1Student Research Committee, Semnan University of Medical Sciences, Semnan, I.R. Iran
21Student Research Committee, Semnan University of Medical Sciences, Semnan, I.R. Iran
32Epidemiology and Biostatistics Dept., Tehran University of Medical Sciences, Tehran, I.R. Iran
4Public Health Dept., Shahrekord University of Medical Sciences, Shahrekord, I.R. Iran
Background and aims: Depression is an affective (mood) disorder accompanied by the sense of disappointment, incompetence, sense of transgression, fear and sense of humility. Depression is the daily depressed-mood for two weeks. The aim of this study is analysis of the prevalence and effective factors on post-natal depression in women referring to Garmsar city health centers in 2015. Methods: This study is a descriptive and periodical study. The statistical population in this research includes the women who went to Garmsar city health centers during the second and third quarters in 2015, two months after their labor. The method of collecting data in this study was by census, and the data-collecting tool was Edinburg standard questionnaire for post-natal depression diagnosis. After collecting and re-controlling, the data were analyzed by SPSS 20 software package. Descriptive statistics (average and standard deviation) were used for describing the data. The analytical statistical tests (chi square and independent t-test) were used for the data analysis. Results: The findings showed that 40 out of 110 mothers were depressed (score of over 12), and the prevalence of post-natal depression mothers referred to Garmsar health centers was about 36%. The results indicated that there were no significant statistical relations between mother’s age, education, number of labor, types of childbirth, children’s sex, unwanted pregnancies, the history of sterility, and post-natal depression. Conclusion: Due to unpleasant effects of depression on the living qualities of mothers’ and the embryos’ and eventually the families, and due to its extensive prevalence in the city of Garmsar, precise identification of effective factors in emergence of this disorder seems to be essential. By awareness from its risk factors, some of the inevitable factors could be reduced or even confronted, and the relevant consequences can be reduced by timely and proper interventions.
Depression is an affective (mood) disorder accompanied by the sense of disappointment, incompetence, sense of transgression, fear and sense of humility. Depression is the daily depressed-mood for two weeks.1,2 One of the most prevalent mental disorders in the world is the affective disorder, especially depression.
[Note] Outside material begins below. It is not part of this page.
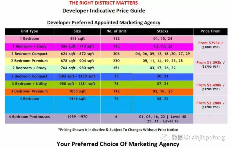 从下图可以看出,总共1259个单位,有1房,1+书房,2房普通型,2房豪华型,2+书房,3放普通型,3房豪华型,4房,不同户型供大家选择,适合投资或者买来自住。
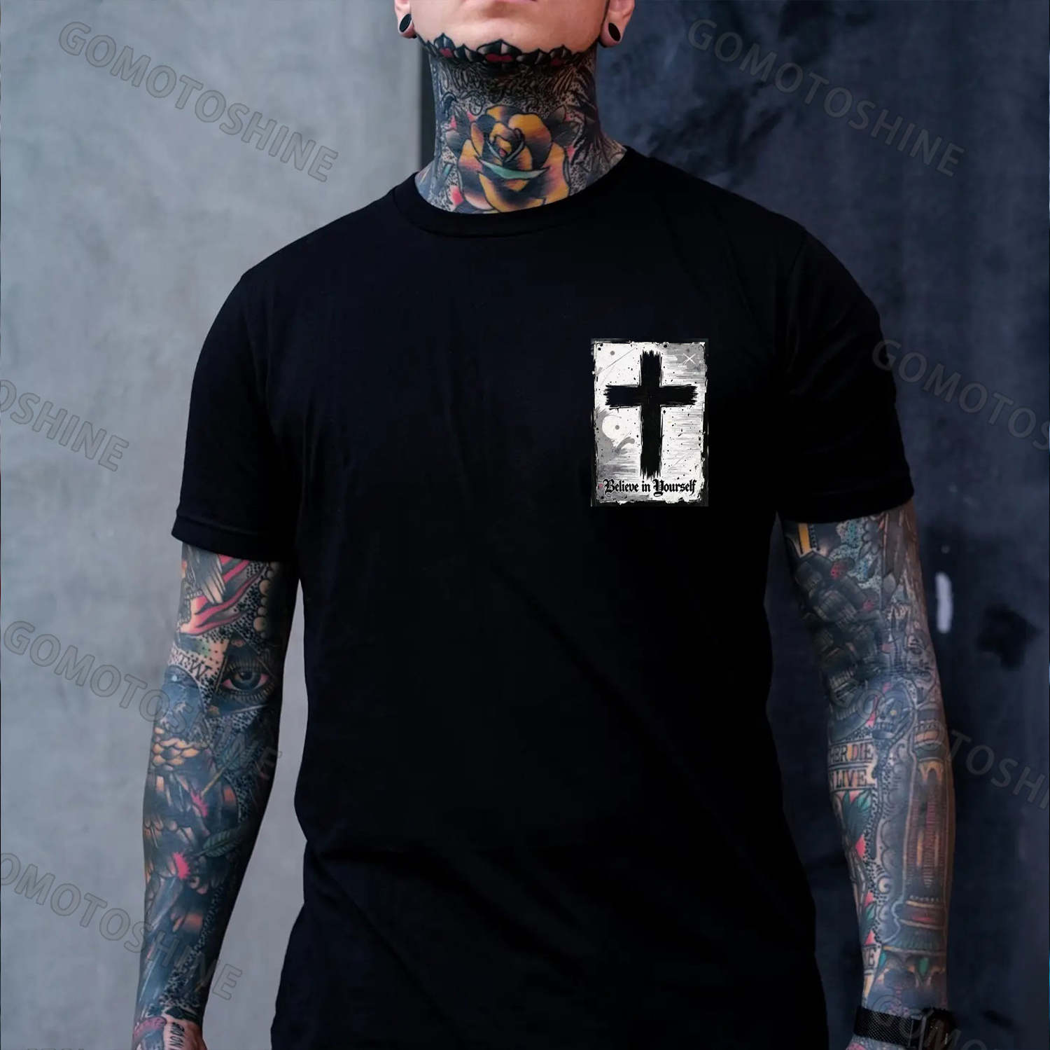 Nun with Crucifix Graphic Dark Style Black Print T-shirt

Research shows that 30% of the people in the world suffer from depression during their lifetime, and men in this record have the risk of affections by about 10% during their life, but this rate is almost twice in women. In fact, the highest rate of depression occurs in women in the age range of 25-40, such that depression during productivity ages in women is twice or even three times the depression in men.2,3
According to W.H.O., this disorder will be the second leading factor for various diseases in 2020.4,5 Women’s life includes stages that leave deep effects on their being; consisting of pregnancy period and post-labor that are accompanied by very important physiologic and psychological changes that despite the pleasing sense of becoming a mother, it is sometimes accompanied by pathological changes. One of the most stressful periods in a woman’s life is her pregnancy period, and the intensity of the imposed stresses and pressures on a pregnant woman is the highest during the third trimester of pregnancy.6 interpersonal and family physical compatibilities are essential for coping with labor and successful conformity with pregnancy and labor. Extensive pressure and stresses are imposed on inexperienced mother; including disorders in normal and usual activities of pregnant women.7 One of the important periods with the highest possibility of risk in the emergence of various affective disorders, such as depression, distress and psychosis, is the pregnancy period. Post-natal depression is a clinical syndrome that is more intensive than post-natal distress, having higher effects on the families.8,9 Pregnancy affects mothers’ emotions and seriously causes short-term or long-term mental disorders, including depression, anxiety and post-impact stress disorders.10 One type of post-natal depression is major depression, and the existence of 5 signs regarding changing physiological orders indicating depression, the least of which is depressed temperament or reducing enthusiasm and pleasure in different activities. These signs should at least last for two weeks and start maximum four weeks after the labor. Regarding the epidemiological findings, researchers consider a three-month range after childbirth for post-natal depression.11 The most important post-natal affective disorder is depression that could be together with disorders in mother and family relations, possibly leading to irrecoverable damages in case of inattention and appropriate treatments.9,12,13
The aim of this study is determination of the causes of depression in women who had childbirth. The importance of that is in the effects that depressed mothers leave on their children and their futures. Moreover, such a study had never been done in Semnan province and the city of Garmsar. Thus, we decided to do this research indicating “Analysis of the prevalence and effective factors on post-natal depression in women referring to Garmsar city health centers in 2015.”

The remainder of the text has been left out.